Regular Expressions make me feel like a powerful wizard - and that's not a good thing


(This is a rant because I'm exhausted after debugging something. If you've made RegEx your whole personality, I'm sorry.)

The other day I had to fix a multi-line Regular Expression (RegEx). After a few hours of peering at it with a variety of tools, I finally understood the problem. Getting that deep into the esoteric mysteries made me feel like a powerful wizard with complete mastery of my domain. And I think that's dangerous.

I'm sure we've all read a story about a witch or wizard who distractedly substitutes eye-of-newt with iron-ute with disastrous consequences. Humans are easily confused. And confusion leads to unexpected mistakes.

Look, most humans are very bad at reading compiled code. Without any external tools - can you tell me what the following code does?

 BIN0000000 c031 d88e c08e 15be b47c ac0e 003c 0474
0000010 10cd f7eb 48f4 6c65 6f6c 202c 6f57 6c72
0000020 2164 0a0d 0000 0000 0000 0000 0000 0000
0000030 0000 0000 0000 0000 0000 0000 0000 0000
*
00001f0 0000 0000 0000 0000 0000 0000 0000 aa55
0000200

No. Of course not0. That's why we write code in a more human readable language and then compile it to computer readable instructions.

Regular Expressions are a sort-of halfway house.
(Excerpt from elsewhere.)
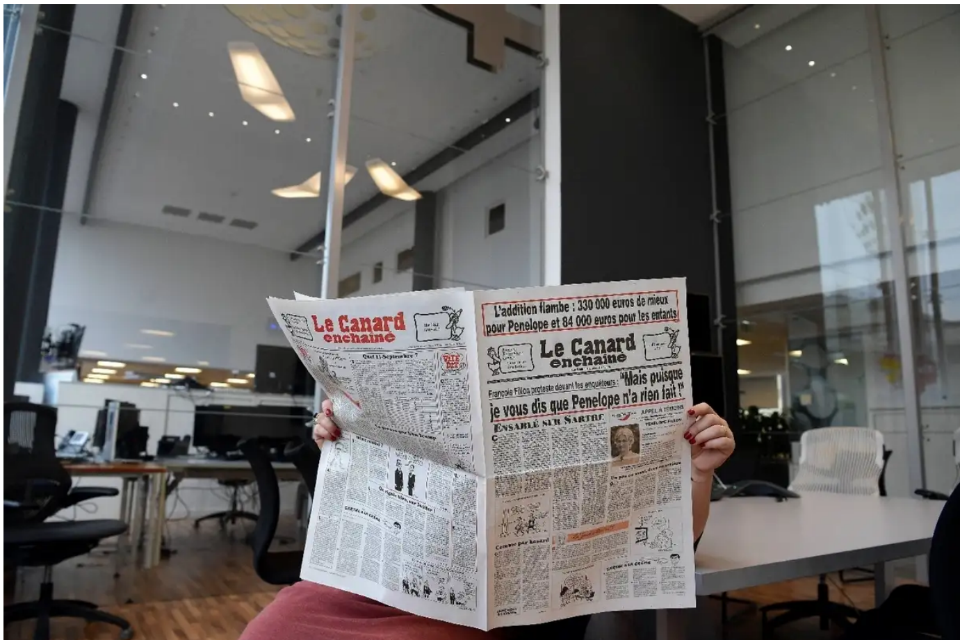
Emploi fictif au Canard enchaîné: deux dirigeants, un dessinateur et son épouse jugés en juillet

Publié le 14/12/2023 à 22h41, mis à jour le 14/12/2023 à 22h50

They're slightly readable by humans - but written in such a terse vocabulary as to be mostly unintelligible without concentration. There's no space for comments. Different engines have variable support for all their functions. They are a symbolic language with unhelpfully indecipherable and inconsistent symbols.

As a result, once the RegEx becomes more than trivially complex they're hard for most humans to understand. That makes them difficult to debug. It also makes it difficult to add or remove functionality.

I genuinely - and possibly misguidedly - believe that even something like ^\w+([-+.']\w+)*@\w+([-.]\w+)*\.\w+([-.]\w+)*$ might just as well be written in BrainFuck.

My contention is that almost all RegExs would be better served by more human readable code and that the very existence of RegEx101.com ought to bring shame on our industry.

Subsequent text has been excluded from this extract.